May 17 (Bloomberg) -- Serbia’s dinar fell to its lowest level in a decade as investors remain wary before the presidential runoff on May 20, prompting the central bank to sell more euros to prop up the currency.
The dinar shed 0.7 percent against the euro today, falling to as low as 113.70 and ending the 113.4361. The Belgrade-based Narodna Banka Srbije sold 50 million euros ($63.5 million) to “ensure the smooth functioning” of the market, it said in a statement on its website, bringing the total spent to support the dinar to 838.5 million euros in 2012.
Serbians go to polls to choose between a path to Europe with Democratic Party leader and incumbent Boris Tadic or Tomislav Nikolic, the leader of the Progressive Party, which prefers political and economic ties with Russia.
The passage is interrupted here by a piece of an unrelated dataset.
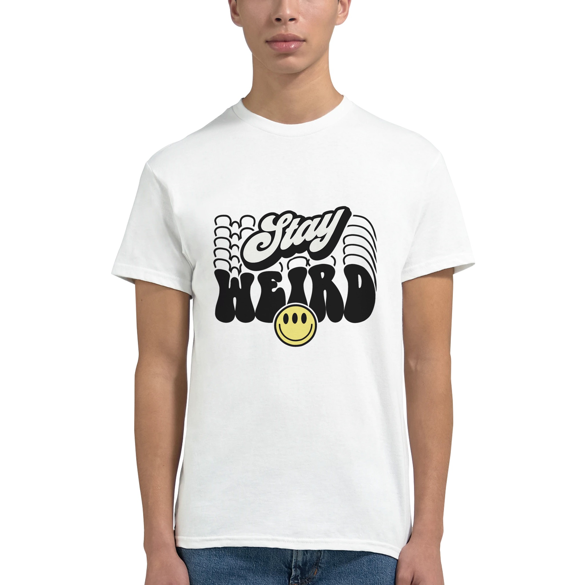 Retro “Stay Weird” Smiley T-shirt – Klassisk Bomulls-T-shirt för att uttrycka din unika stil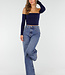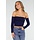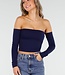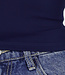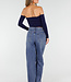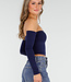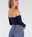 Dieses Oberteil ist aus einem dunkelblauen, glatten Stretch-Stoff und hat eine enge Passform. Es ist schulterfrei, hat einen geraden Ausschnitt mit Pads und lange verbundene Ärmel. Die Schnittlänge fällt knapp über die Taille. Der Rücken ist ganz gerade geschnitten und verläuft bündig mit der Vorderseite. Dank des dehnbaren Stoffes liegt das Top eng am Körper an.

“The dinar is definitely psychologically driven and lean volumes in the market are insufficient to change the trend,” said Sonja Miladinovski, a board member of the Serbian unit of Societe Generale SA, in a phone interview. “The market is waiting for the outcome of the election and hopes the International Monetary Fund will return soon to confirm the loan program.”
The Washington-based lender suspended a $1.3 billion precautionary loan program for Serbia in February after it became clear the country will slip on agreed fiscal targets.
The central bank has urged politicians to quickly form a new cabinet and commit to a tighter budget to win back the IMF support and reassure investors that policies remain on track.
Propping Up the Dinar
The dinar is 12.12 percent weaker than a year ago and the fourth worst-performing currency of 174 tracked by Bloomberg. The National Bank of Serbia, which left its benchmark interest rate unchanged at 9.5 percent on May 10, has been supporting the dinar as investors leave Serbia on Europe’s debt crisis and European demand for Serbian exports wanes.
The central bank sent a “wrong message to investors” yesterday when it said it was intervening because both the fiscal slippage and the dinar pressure are temporary, said Ljiljana Grubic, the chief analyst at Belgrade-based Raiffeisen Banka AD.
“They will have to act with an interest rate increase” to change the trend, she said.